Assigned task> Leave the pictures out. Retype exactly the lines below from the one containing "Although our snowfalls" through the one containing "18年度上半期のカーナビ市場", and no others.

Records shown>
BEGIN
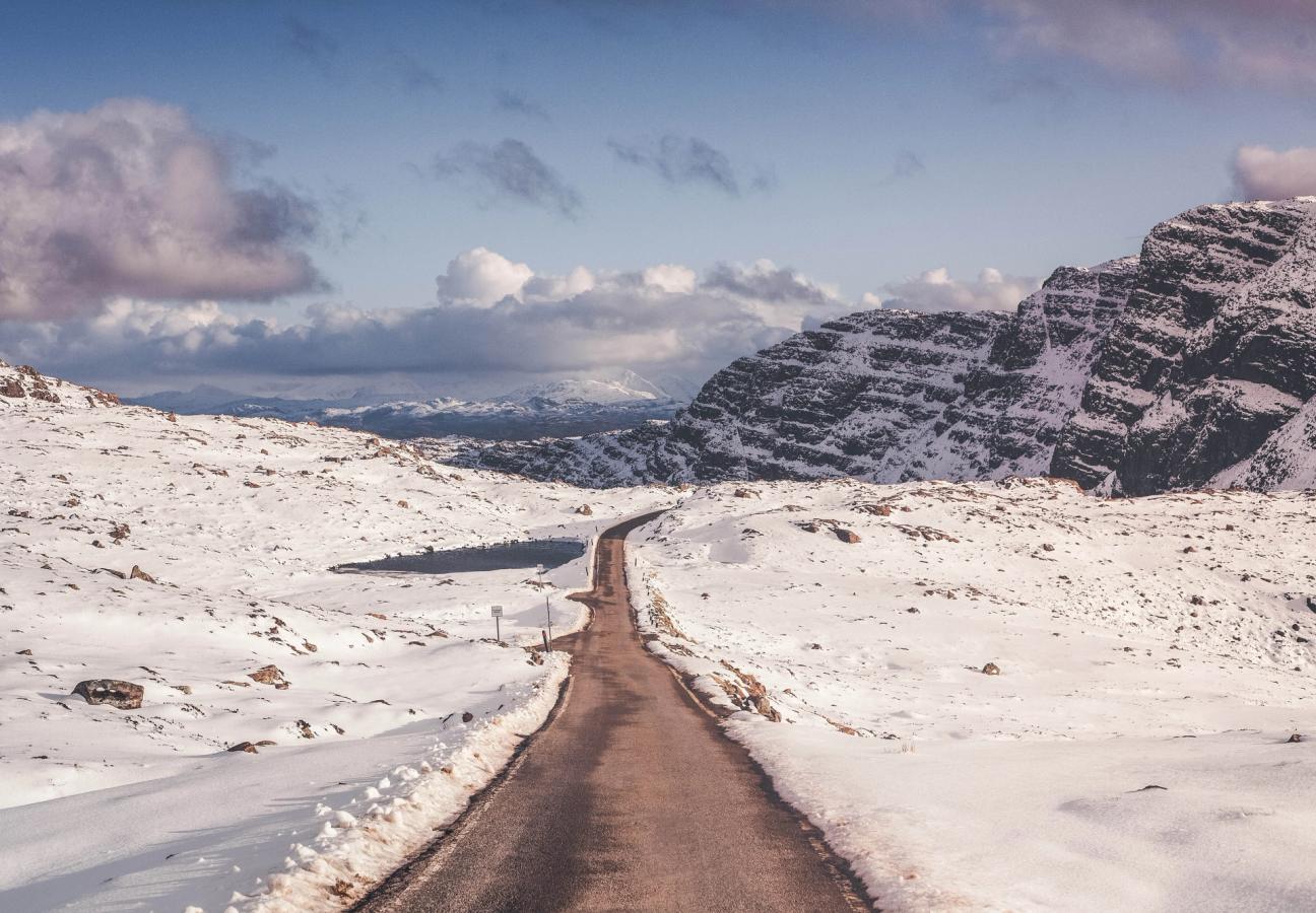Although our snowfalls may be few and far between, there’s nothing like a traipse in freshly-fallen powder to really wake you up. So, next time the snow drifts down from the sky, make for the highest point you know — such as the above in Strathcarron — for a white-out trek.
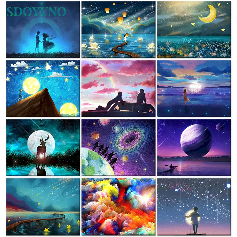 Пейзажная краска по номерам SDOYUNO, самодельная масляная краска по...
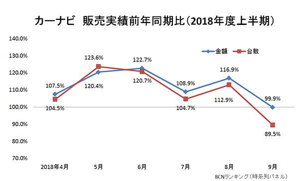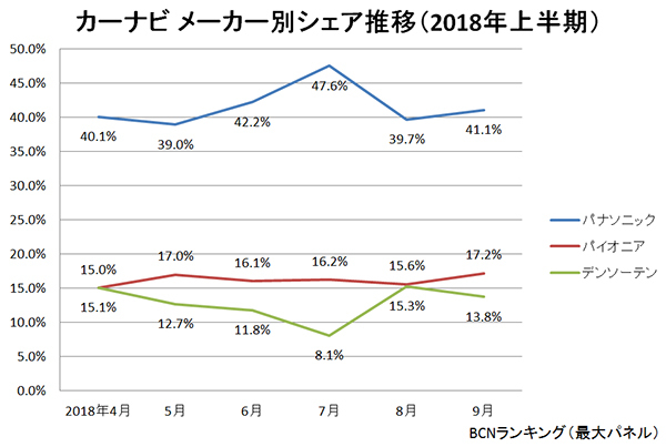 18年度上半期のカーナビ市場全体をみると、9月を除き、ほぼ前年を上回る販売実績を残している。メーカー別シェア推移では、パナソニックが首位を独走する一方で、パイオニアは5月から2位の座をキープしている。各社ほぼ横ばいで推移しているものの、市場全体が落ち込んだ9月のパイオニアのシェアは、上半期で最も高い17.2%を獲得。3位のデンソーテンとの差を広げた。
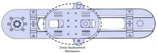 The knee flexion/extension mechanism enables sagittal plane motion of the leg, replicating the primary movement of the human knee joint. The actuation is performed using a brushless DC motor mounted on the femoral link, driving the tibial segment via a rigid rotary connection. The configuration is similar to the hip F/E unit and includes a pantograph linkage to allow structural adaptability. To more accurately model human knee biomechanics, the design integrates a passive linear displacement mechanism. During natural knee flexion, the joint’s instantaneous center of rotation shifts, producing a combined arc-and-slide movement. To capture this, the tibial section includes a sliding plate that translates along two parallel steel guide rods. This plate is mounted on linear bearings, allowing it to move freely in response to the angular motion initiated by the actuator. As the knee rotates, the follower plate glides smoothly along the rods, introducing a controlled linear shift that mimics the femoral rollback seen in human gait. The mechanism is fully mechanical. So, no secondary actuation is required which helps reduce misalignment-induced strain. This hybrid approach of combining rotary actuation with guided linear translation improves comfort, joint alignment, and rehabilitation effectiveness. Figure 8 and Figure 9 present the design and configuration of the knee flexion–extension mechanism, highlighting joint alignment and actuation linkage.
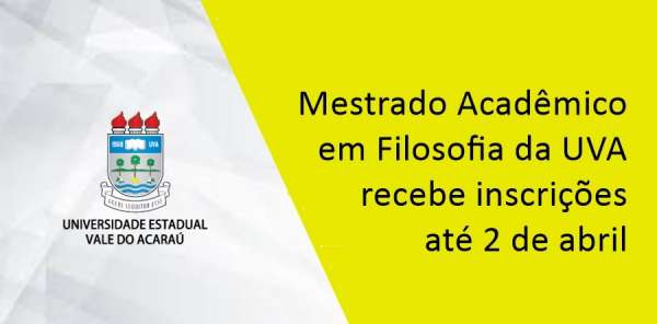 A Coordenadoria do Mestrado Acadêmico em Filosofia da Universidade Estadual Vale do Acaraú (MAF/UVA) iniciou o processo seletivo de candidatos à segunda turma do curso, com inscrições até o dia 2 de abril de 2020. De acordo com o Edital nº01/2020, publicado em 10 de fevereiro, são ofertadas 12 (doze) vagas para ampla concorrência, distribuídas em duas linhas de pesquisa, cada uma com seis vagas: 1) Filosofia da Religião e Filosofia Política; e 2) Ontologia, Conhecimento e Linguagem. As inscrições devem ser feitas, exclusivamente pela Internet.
END
BEGIN
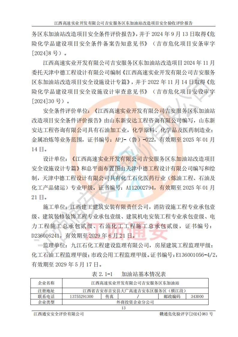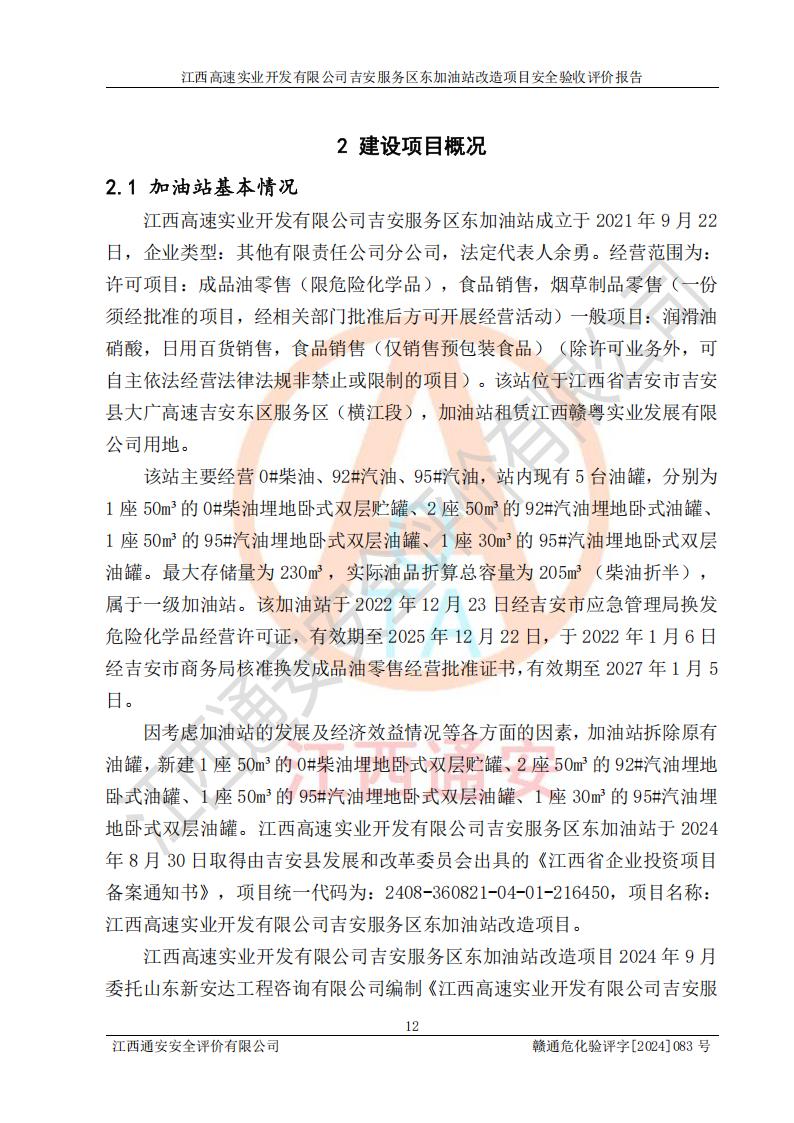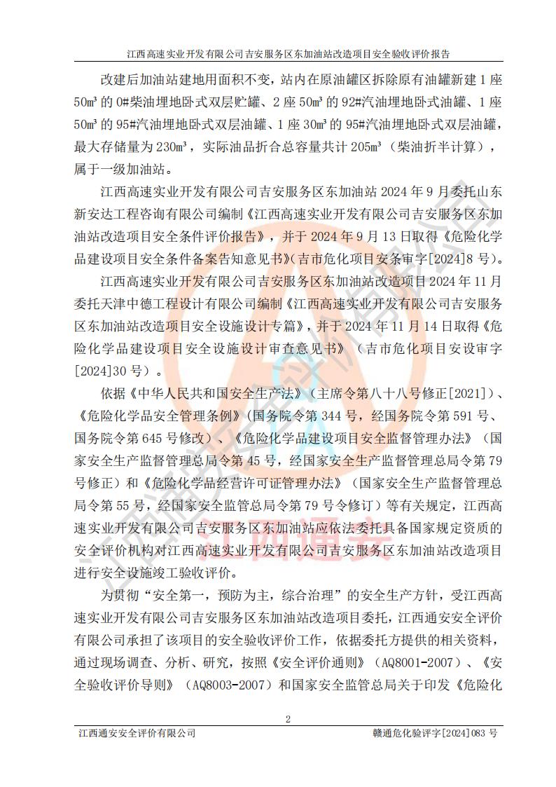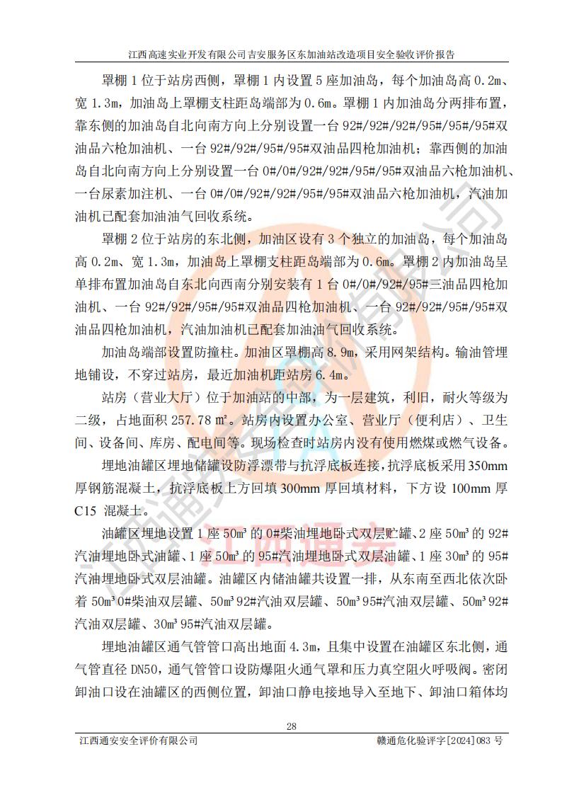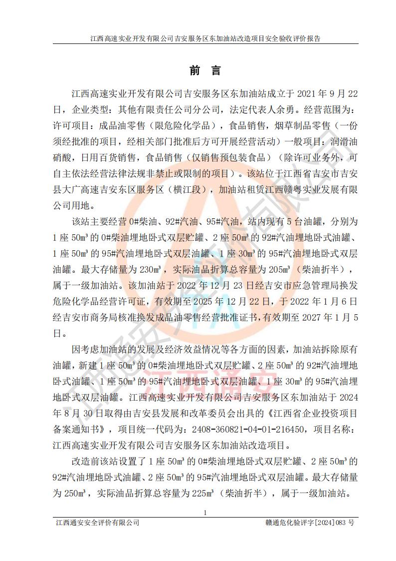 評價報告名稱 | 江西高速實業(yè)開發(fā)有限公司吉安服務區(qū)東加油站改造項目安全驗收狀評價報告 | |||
END
BEGIN
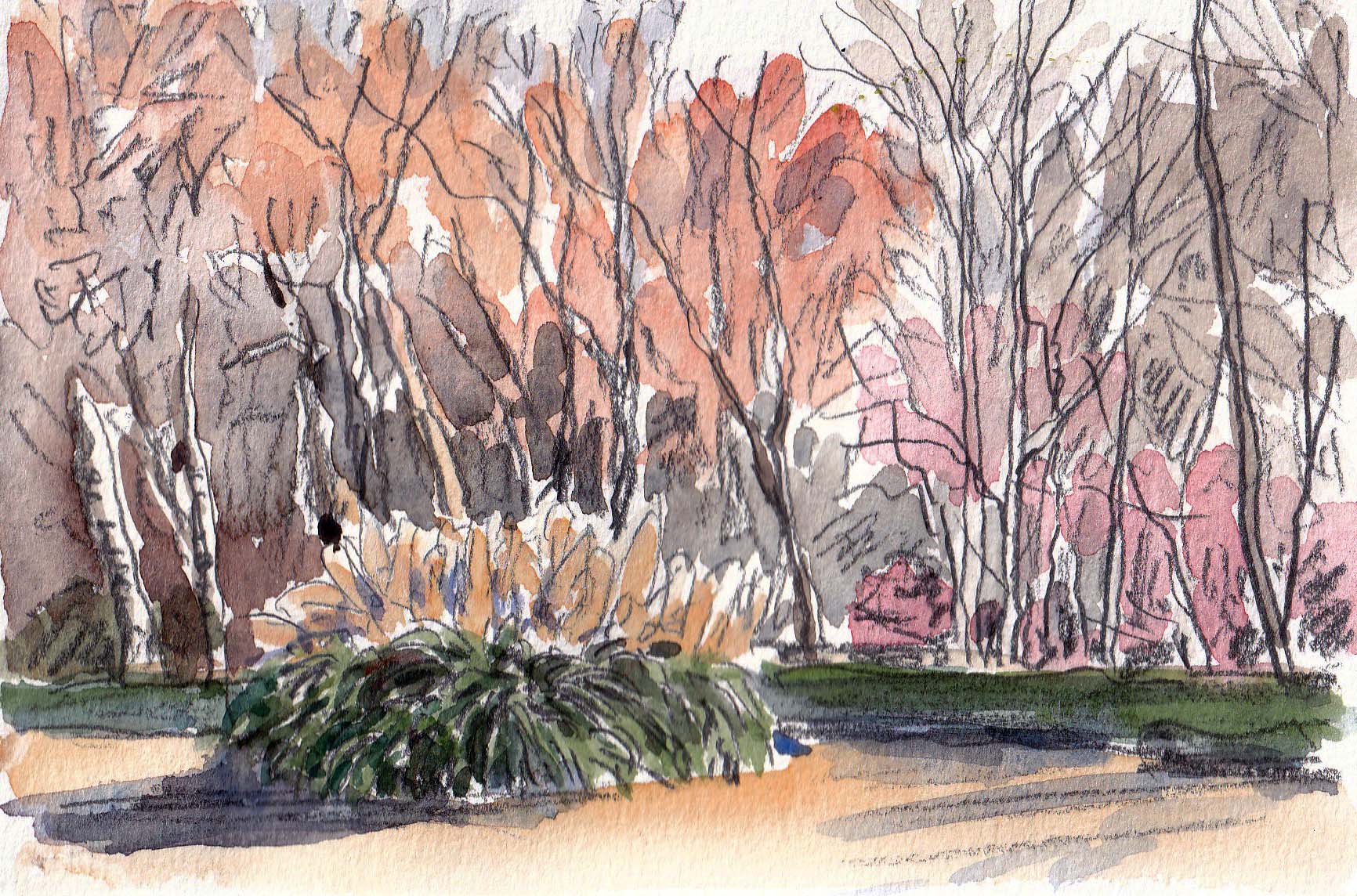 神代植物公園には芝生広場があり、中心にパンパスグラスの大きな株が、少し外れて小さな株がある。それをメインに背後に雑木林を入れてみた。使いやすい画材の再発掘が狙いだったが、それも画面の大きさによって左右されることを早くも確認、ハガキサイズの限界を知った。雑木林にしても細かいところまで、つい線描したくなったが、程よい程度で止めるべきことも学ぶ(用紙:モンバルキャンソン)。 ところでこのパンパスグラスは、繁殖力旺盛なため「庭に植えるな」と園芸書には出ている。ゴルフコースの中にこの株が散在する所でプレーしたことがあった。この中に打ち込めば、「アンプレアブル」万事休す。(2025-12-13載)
END
Output for this task>
Although our snowfalls may be few and far between, there’s nothing like a traipse in freshly-fallen powder to really wake you up. So, next time the snow drifts down from the sky, make for the highest point you know — such as the above in Strathcarron — for a white-out trek.
 Пейзажная краска по номерам SDOYUNO, самодельная масляная краска по...
 18年度上半期のカーナビ市場全体をみると、9月を除き、ほぼ前年を上回る販売実績を残している。メーカー別シェア推移では、パナソニックが首位を独走する一方で、パイオニアは5月から2位の座をキープしている。各社ほぼ横ばいで推移しているものの、市場全体が落ち込んだ9月のパイオニアのシェアは、上半期で最も高い17.2%を獲得。3位のデンソーテンとの差を広げた。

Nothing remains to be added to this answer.